Thanks to the cosmopolitan milieu of her parents, Ganga spoke as much English as Bengali, but having had little contact with American culture, it wasn’t until she connected the history of the song and the bio of the singer that the music took shape within her as a living spiritual entity. She felt India’s classical music tradition living within her as well, but daily rote repetition of practice exercises had depleted some of her enthusiasm. Blessed with impeccable pitch and a great first take, she didn’t seek technical perfection when she sang a raga; she searched instead for a deeper openness within her, the effortless source where she found the raga’s ascending and descending scale already singing itself within her.
This was the gift of her teenage years when she ran with Purna Das Baul and his merry band of minstrels in Bengal.
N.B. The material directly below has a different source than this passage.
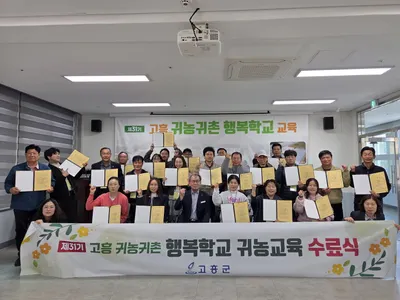 고흥군, 제31기 귀농귀촌 행복학교 수료식 열려 고흥군(군수 공영민)은 지난 3월 20일 남양면에 위치한 귀농귀촌 행복학교에서 제31기 귀농귀촌 행복학교 수료식을 개최했다고 밝혔다

Though she’d grown up in Calcutta to wealth, the family estate bordered a cremation grounds, and from her bedroom’s open window the smells of burning flesh from funeral pyres mixed with hashish smoke from the chellums of sadhus made a stronger impression on her than the modern suburb she lived in. The nightly call-and-answer chants sung to Bom Bom Bolenath, Shiva Nataraj, lord of the dance of life and death, Hara Hara Mahadeva Shambo, by long-bearded nagas smeared in ashes and dung, became her lullabies. When she turned sixteen and ran away from home and her family’s ersatz, modern version of India, she told Purna Das that joining the bauls was like coming home to an authentic, timeless India.
Unlike her Bengali Renaissance parents or the Victorian boarding schools they sent her to, the bauls she ran with celebrated Tantric Yoga. In its wild, earthy and often misunderstood left-handed tradition, Tantra made sacramental ritual out of the five elements Indian culture considered most unholy or taboo. Unlike proper yogis in their proper ashrams, the bauls were mad for God
and wandered and traveled, chanted and strummed, puffed and drank, danced and drummed, charmed and made love to whomever they pleased. Whether the lyrics came from Kabir or Tagore, Mirabai or Arjun Dev, since the bauls sang that the illusion of a separate self was Maya’s greatest hustle, that underneath our competition to be top dog there was only the divine making love to the divine, Ganga’s apprenticeship had taught her to give up the quest to be the best and lose herself in the song instead. After all, she thought, who can separate the dancer from the dance?
That’s why some of the over-trained undergrads in her scholarship program sometimes made her ill at ease. They seemed walled in from the mystery ever reaching them and left her feeling cynical about everything except the music. That’s why she called Mondays stormy, but Tuesdays were just as bad. Wednesdays were worse with the chatty performance feedback reports that made her late for her library job. So with her old band mates far away and her doe-eyed dorm mates clueless, she came home on Wednesday evenings, fixed herself a brandy, her drink of choice to loosen her vocal chords, and took to singing American jazz to her radio.
Tonight, however, when the last selection was played, Side Two of The Brothers Grip Salute Duke & Strayhorn, she fell into a deep and abiding silence, astounded by the dexterity of the three Grip brothers on alto sax, trumpet and trombone, how each summed up the previous player’s ideas before launching into the unexplored. This ensemble mood kept growing as Ghost Wakefield, the piano player, served up glorious gems of Duke and Strays in his comping and solos.
By the time Ghost had unfolded the last melody in the suite, Come Sunday,
Ganga was weeping with joy. Yes, she decided, rocking back and forth in her bed, this is what music is about: invocation, presence, openness, exchange, communion, cosmic connection. The way that the band responded to one another was the quality she’d been seeking at BHU but to limited success. By contrast, the Grips blended notes beautifully, but they also knew how to make use of Ghost Wakefield’s inter-galactic suggestions.